===== DATASET CONTENT

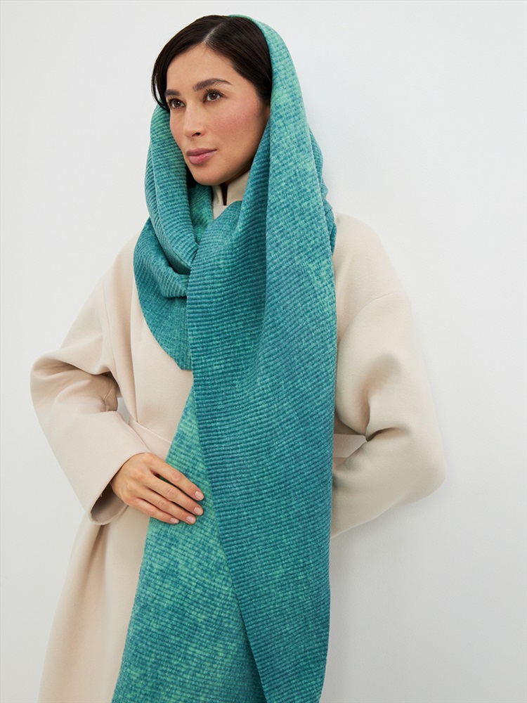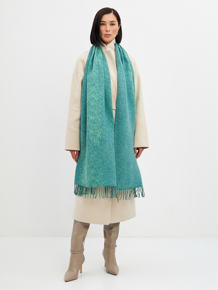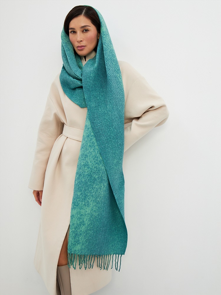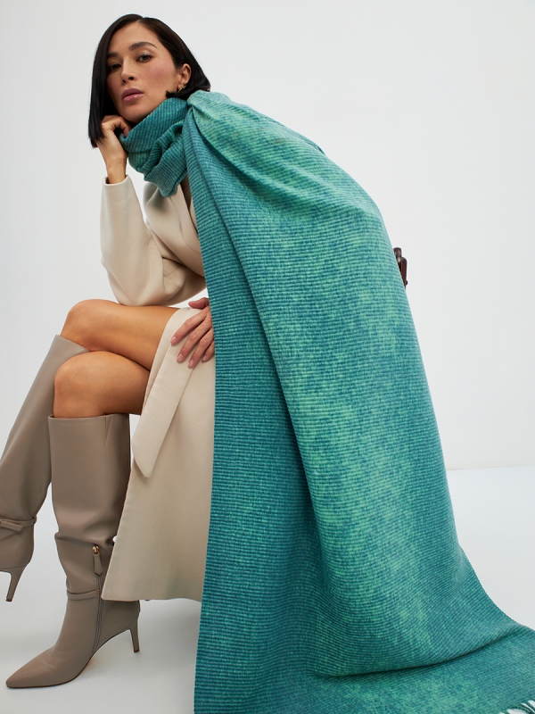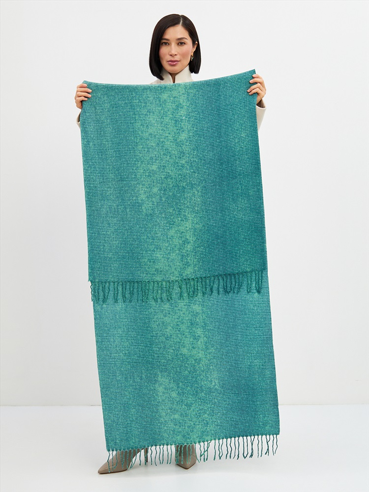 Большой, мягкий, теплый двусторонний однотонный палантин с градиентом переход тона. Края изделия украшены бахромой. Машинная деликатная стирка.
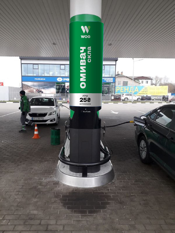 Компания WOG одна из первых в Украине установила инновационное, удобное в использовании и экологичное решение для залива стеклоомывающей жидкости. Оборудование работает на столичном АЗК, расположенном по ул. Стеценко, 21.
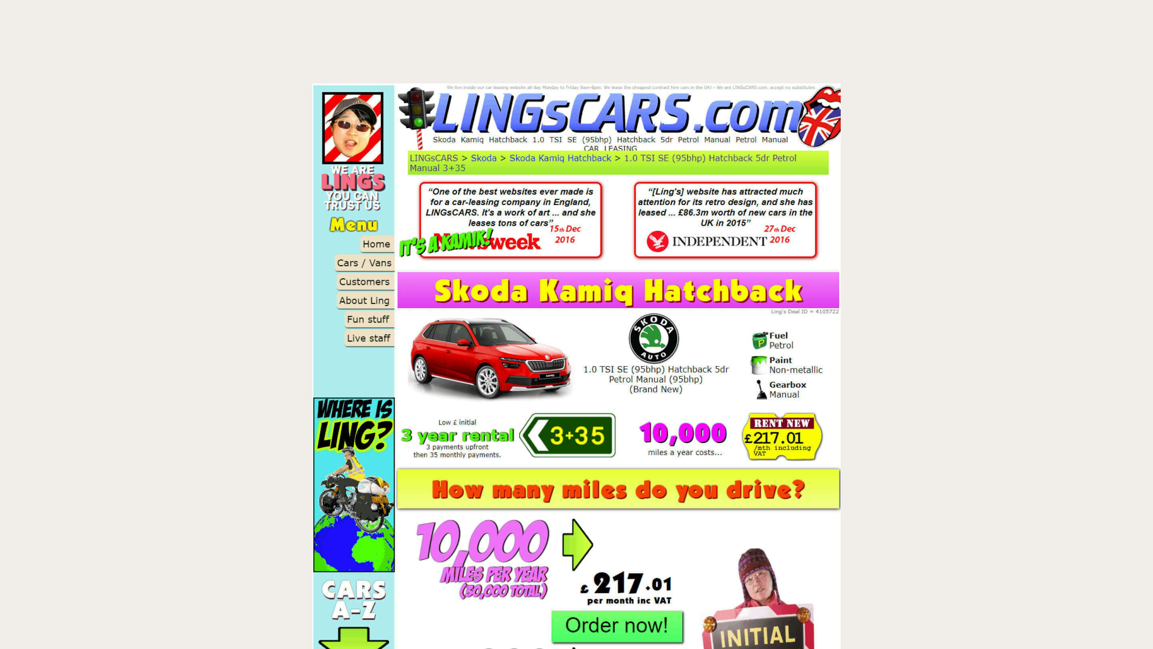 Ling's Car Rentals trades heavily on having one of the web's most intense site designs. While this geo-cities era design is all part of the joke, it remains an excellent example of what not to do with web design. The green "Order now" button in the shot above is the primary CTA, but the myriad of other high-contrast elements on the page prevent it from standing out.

==========

## WHAT TO WORK ON
Pictures stay out of the copy; print the material above exactly.

## EXERCISE SOLUTION
 Большой, мягкий, теплый двусторонний однотонный палантин с градиентом переход тона. Края изделия украшены бахромой. Машинная деликатная стирка.
 Компания WOG одна из первых в Украине установила инновационное, удобное в использовании и экологичное решение для залива стеклоомывающей жидкости. Оборудование работает на столичном АЗК, расположенном по ул. Стеценко, 21.
 Ling's Car Rentals trades heavily on having one of the web's most intense site designs. While this geo-cities era design is all part of the joke, it remains an excellent example of what not to do with web design. The green "Order now" button in the shot above is the primary CTA, but the myriad of other high-contrast elements on the page prevent it from standing out.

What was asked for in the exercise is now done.